The b-sides on here are all post-2000 outputs, which means you normally get more softer and more polished tracks and makes the album fall victim to the generic traits of the pop-punk sound. The opening track, You Walk, I Run is a slightly lackluster effort with some overly-nasally vocal performance that hinders the track. It makes the album start off with a stumble that they don’t really rectify until the third track, 1 and 3 which sees the band return to a slightly harder and faster sound while still maintaining the pop-punk moniker. This type of unevenness tends to be present throughout most of the album. You’ll get some great pop-punk anthem like Make Up Your Mind which shows how Mike can still sing without going soft and ultra nasally, quickly followed up by a slightly forgettable track that is okay, but nothing worth multiple repeats.
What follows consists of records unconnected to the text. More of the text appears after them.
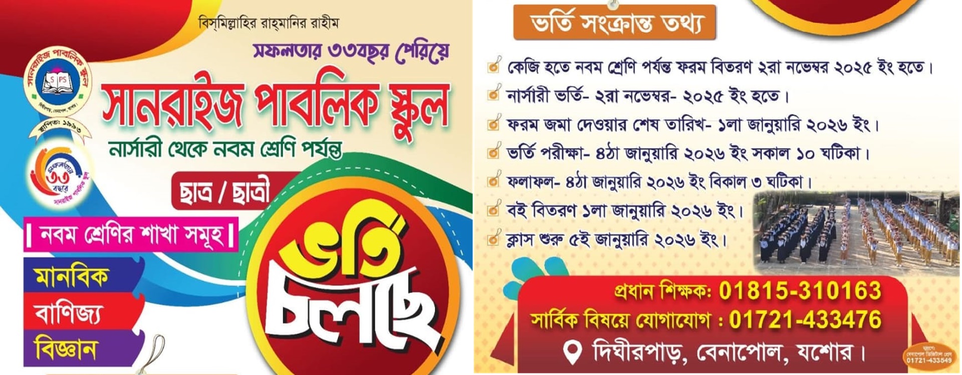 সানরাইজ পাবলিক স্কুল, শার্শা উপজেলার স্বনামধন্য প্রাইভেট স্কুল।এ স্কুল ১৯৯৩ সালে প্রতিষ্ঠিত হওয়ার পর সুনামের সাথে পাঠদান করে আসছে।বর্তমানে স্কুলটিকে এসএসসি লেভেল পর্যন্ত উন্নিত করা হয়েছে।
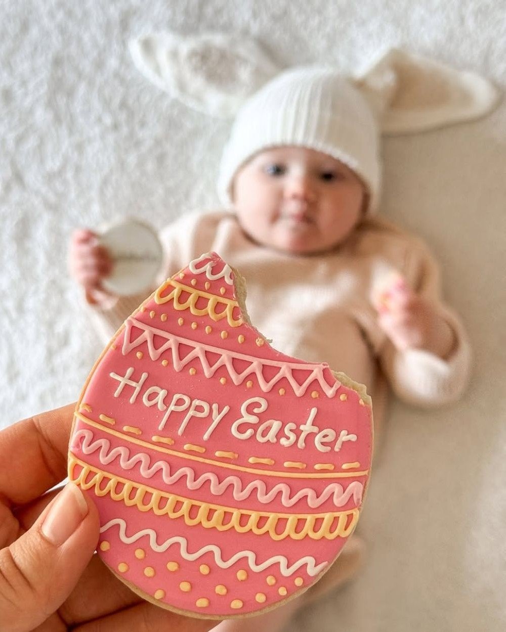 Hold an Easter-themed cookie above your baby as they rest on a soft blanket for a playful and colorful shot.
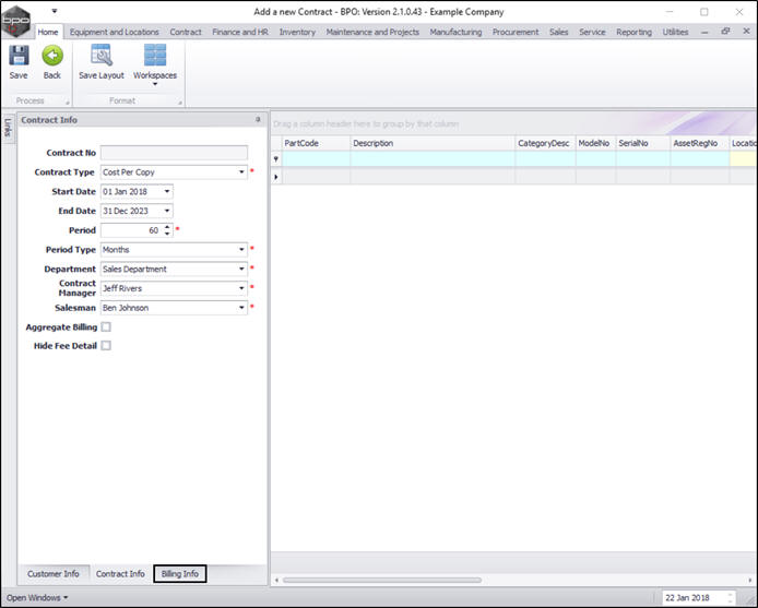 - When you have finished editing the contract info details, click on the Billing Info tab.
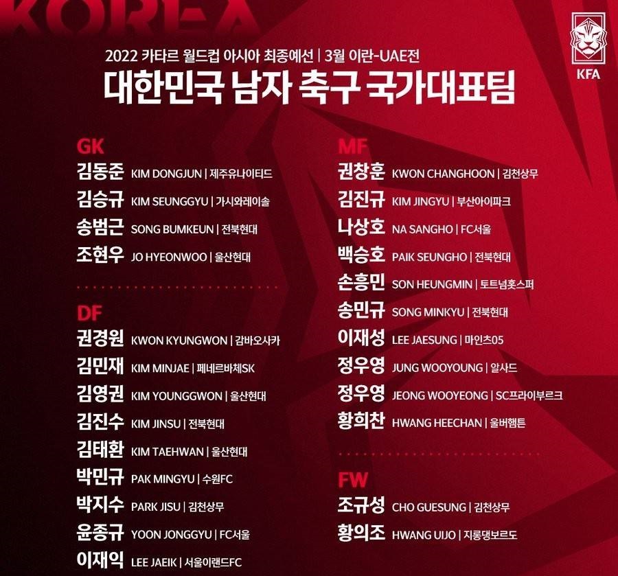 北京时间2022年3月14日,韩国足协公布了世预赛大名单,其中,热刺前锋孙兴O领衔,波尔多球员黄义助入选。目前,韩国队已经提前晋级世界杯,世预赛最后两个对手分别为伊朗和阿联酋。
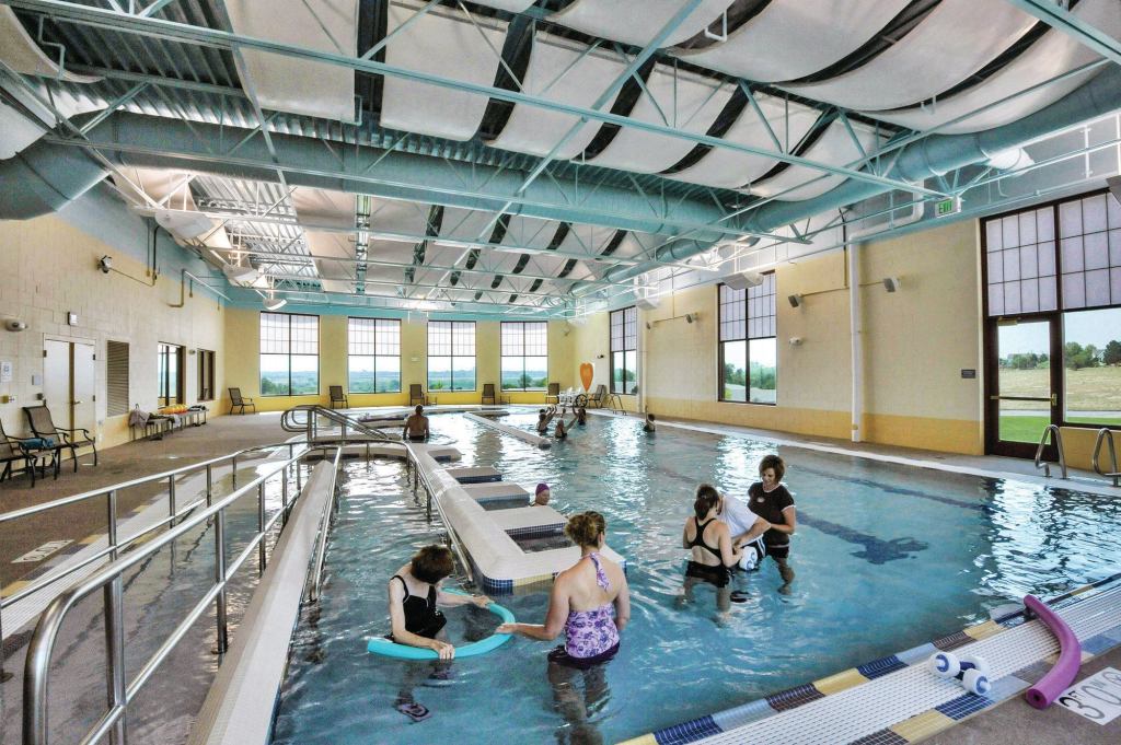 Designers of the J. Leonard Levy Family Wellness Center Warm-Water Therapy Pool at Shalom Park in Aurora, Colo., catered to the mostly senior clientele not only in overall pool design, but also through their choice of surface materials. Because users often are challenged with sight or neurological impairments, the team selected wall and floor finishes that could be easily distinguished. Extra-wide corridors accommodate wheelchairs. Those less steady on their feet find assistance from a variety of grab bars and railings, as well as deck surfaces that are nonslip but gentle on the feet. Purple, blue, beige and white accents tie the aquatics center in with the rest of the wellness facility, aesthetically complement the water and create a soothing environment. Undulating acoustic ceiling baffles help control sound, which can become loud as instructors project their voices to accommodate the hearing impaired. They also reinforce the water theme by visually mimicking waves.
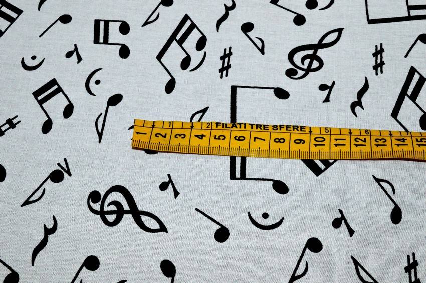 Tessuto in puro cotone di ottima qualità dalla mano morbida e confortevole. Il fondo bianco viene decorato da piccole note musicali nere di diverse forme. Simpatica e giocosa è la stoffa perfetta per creare piccoli lavori di arredo camerette come copricuscini e lenzuolini.

They end the album with three acoustic efforts, which have their own sets of ups and downs. Sweet Sweet Thing is a nice love ballad with a very compelling story line about meeting the disapproving parents of your girlfriend. Personally, I love the lyrics but I can easily see why some people would scoff at them (My eyes were brown and my hair was blue/ of course they had a problem with my tattoos / I can’t please everyone all the time/ right now all I want to do is make you mine).The problem I tend to have is the transition between this and the following track, This Train, they sound too similar and you are thrown off by the sudden change in lyrical content. All they would need to do to fix it would be to delay the gap an extra second or two, but as it is now they just merge together and it feels disjointed.
When it comes down to it, I still love MXPX. This album is far from great, and you can tell why most of the songs are stuck in the “b-side” category, but there’s still enough solid tracks to keep you listening. MXPX fans and pop-punk fans will like it, but it is far from great and you hope that their next release will build off of Panic rather than Let’s Rock.